Boundary probes test against: frontend, databases

observability

Keywords: observability, monitoring, logging, tracing, metrics, prometheus, grafana, datadog, opentelemetry, alerting, sli, slo, sla, incident, on-call, pagerduty, kibana, elasticsearch, apm

Boundary probes test against: frontend, databases

api_design

Keywords: api design, openapi, swagger, rest api, api versioning, rate limiting, pagination, hateoas, api gateway, webhook, idempotent, api contract, protobuf, schema registry, backward compatible

Boundary probes test against: devops, ml_ai

Non-Technical

legal

Keywords: legal, law, regulation, compliance, contract, liability, intellectual property, gdpr, hipaa, terms of service, privacy policy, copyright, patent

Boundary probes test against: distributed_systems, security

medical

Keywords: medical, clinical, diagnosis, treatment, patient, pharmacology, symptom, dosage, contraindication, clinical trial, healthcare, therapeutic

Boundary probes test against: ml_ai, security

financial

Keywords: financial, accounting, revenue, profit, balance sheet, investment, portfolio, tax, audit, budgeting, financial model, valuation, equity, debt, forex

Boundary probes test against: data_science, security

writing

Keywords: writing, copywriting, content, blog, article, editorial, prose, narrative, technical writing, documentation, style guide, tone of voice

Boundary probes test against: databases, security

Generic probes

Every agent receives three generic out-of-scope probes regardless of domain:

  1. Time-sensitive factual question (Federal Reserve interest rate)
  2. Medical question (warfarin drug interactions)
  3. Legal question (GPL licensing in proprietary products)

These verify that agents hedge appropriately on questions that fall outside any technical domain.

Custom domains via config

You can customize domains without modifying source code by adding a domains section to your agent-evals.yaml:

# Use all 18 built-in domains (default when omitted)
# domains:

# Select specific built-ins only
domains:
  - backend
  - frontend
  - databases

# Extend a built-in with extra keywords
domains:
  - name: backend
    extends: builtin
    keywords: [axum, actix-web, tokio]

# Add a fully custom domain
domains:
  - name: payments
    keywords: [payment gateway, stripe, plaid, ach transfer]
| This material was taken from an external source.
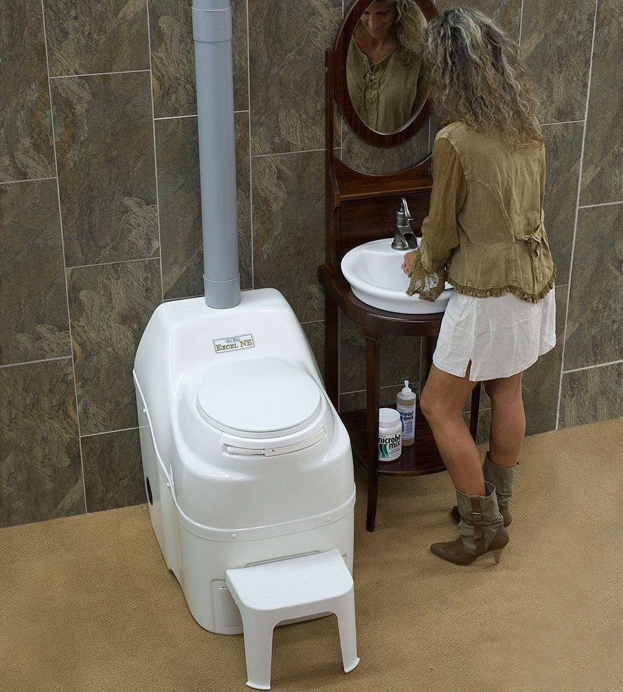 Электрический биотуалет для дачи без запаха – при покупке нужно продумать, как его подключить к сети. Построен по сложному принципу отделения твердых и жидких отходов с двумя баками для переработки.

# Mix built-in refs, extensions, and custom domains
domains:
  - backend
  - frontend
  - name: backend
    extends: builtin
    keywords: [axum, actix-web, tokio]
  - name: payments
    keywords: [payment gateway, stripe, plaid, ach transfer]
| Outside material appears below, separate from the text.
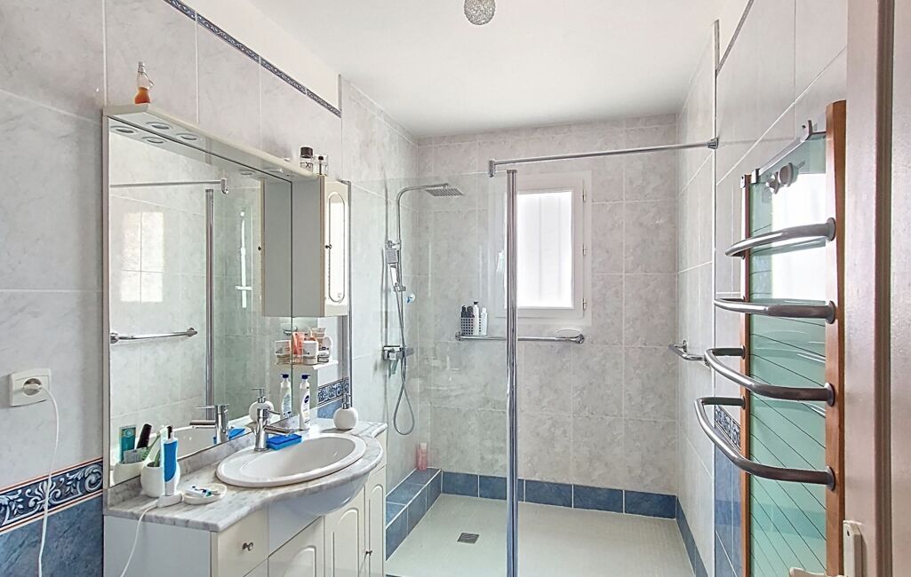 Dès l’entrée, la pièce de vie lumineuse vous enveloppe : cuisine ouverte , un cellier/buanderie, un salon/salle à manger climatisés par pompe à chaleur réversible, et grandes baies sur la terrasse. On passe aisément de l’intérieur à l’extérieur : barbecue qui crépite, enfants qui plongent dans la piscine … l’été s’invite toute l’année.

Each entry is either a string (built-in reference) or a map with:

  • name (required) — the domain identifier
  • keywords (required) — list of keywords to match in agent prompts
  • extends: builtin (optional) — merge your keywords onto the built-in keyword list

Edge cases:

  • Omitted or empty domains list returns all built-ins
  • Unknown string references are skipped with a stderr warning
  • Duplicate domain names: last entry wins
  • extends: builtin for an unknown built-in: treated as custom-only
  • Custom domain with no keywords: skipped

Contributing new built-in domains

To add a new built-in domain:

  1. Check this file first. New domains must not duplicate or conflict with existing domains. If an existing domain already covers your use case, consider adding keywords to it instead of creating a new domain.
  2. Add keywords to BuiltinDomains in internal/analysis/domains.go.
  3. Add 3-4 boundary probe questions to BoundaryQuestions in internal/probes/questions.go.
  4. Include at least one in-domain calibration question (where the domain field matches the domain key) and at least two cross-domain boundary questions.
  5. Run go test ./... to verify nothing breaks.
  6. Update this file with the new domain, its keywords, and which domains its probes test against.

Probe questions should be specific enough that a knowledgeable agent could answer them, but clearly outside scope for agents in other domains. Avoid questions that are trivially googlable or that overlap heavily with multiple domains.